Whenever a picture appears, leave it out while repeating all the other data exactly.

* **RECORDED DATA**

_ _ _

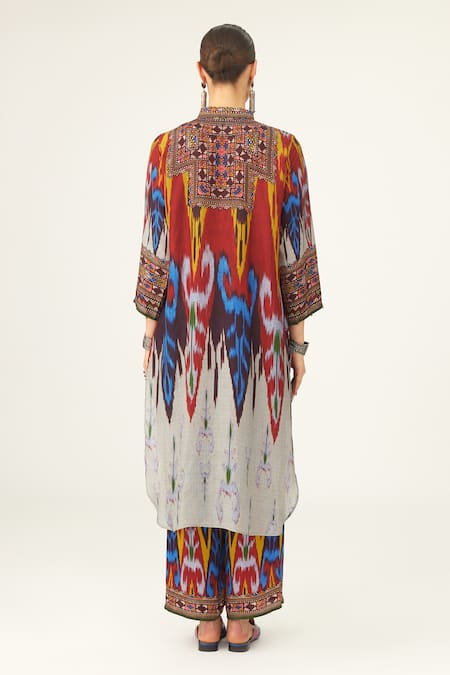 Beaded detailing on sleeves, Geometric pattern design, High-low hemline
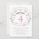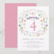 This elegant and pretty third birthday invitation features an illustrated floral wreath with the words "Let's Celebrate" encircling the number 4. The text colour, font, and message can be changed to your liking. The back of the invite features a pink background (that can be swapped to any colour of your choice) with a white quatrefoil pattern. A perfect way to invite guests to celebrate a girl's special birthday.
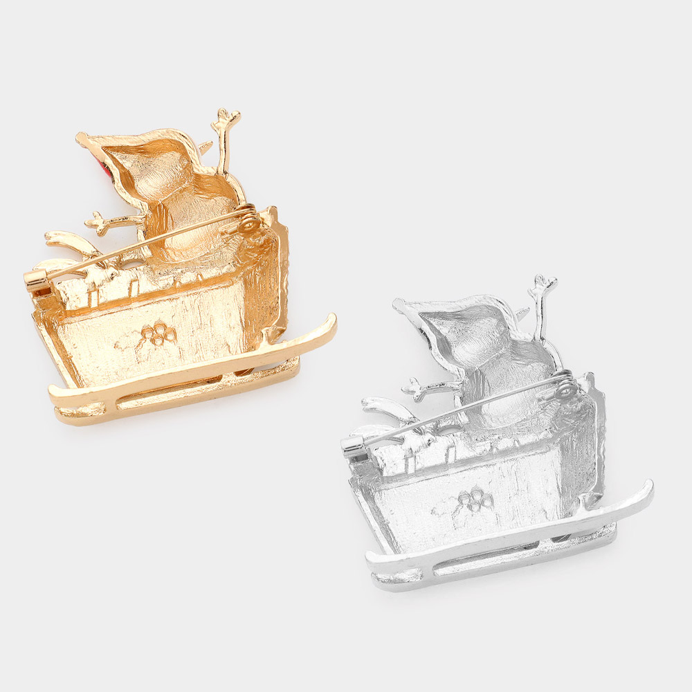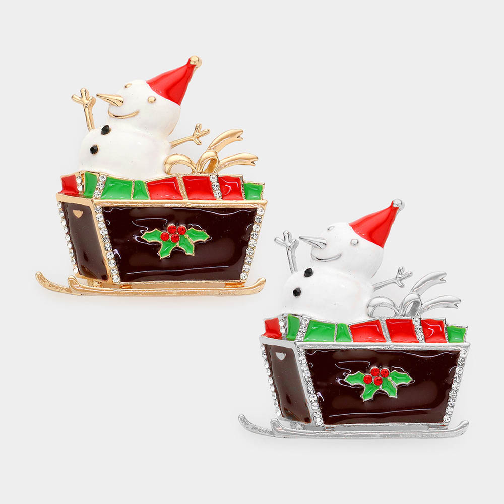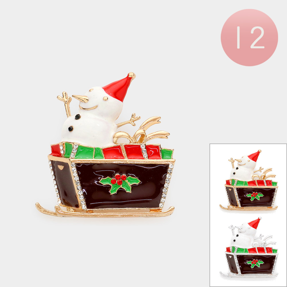 Details • Size : 1.8" X 2" • Pin Brooch • Celebrate the season with this charming 12-piece brooch set featuring a joyful snowman riding in a sleigh. A cheerful holiday accessory ideal for festive outfits, gifts, or party favors. • Lead and Nickel Compliant

_ _ _

* **WRITTEN SOLUTION**
 Beaded detailing on sleeves, Geometric pattern design, High-low hemline
 This elegant and pretty third birthday invitation features an illustrated floral wreath with the words "Let's Celebrate" encircling the number 4. The text colour, font, and message can be changed to your liking. The back of the invite features a pink background (that can be swapped to any colour of your choice) with a white quatrefoil pattern. A perfect way to invite guests to celebrate a girl's special birthday.
 Details • Size : 1.8" X 2" • Pin Brooch • Celebrate the season with this charming 12-piece brooch set featuring a joyful snowman riding in a sleigh. A cheerful holiday accessory ideal for festive outfits, gifts, or party favors. • Lead and Nickel Compliant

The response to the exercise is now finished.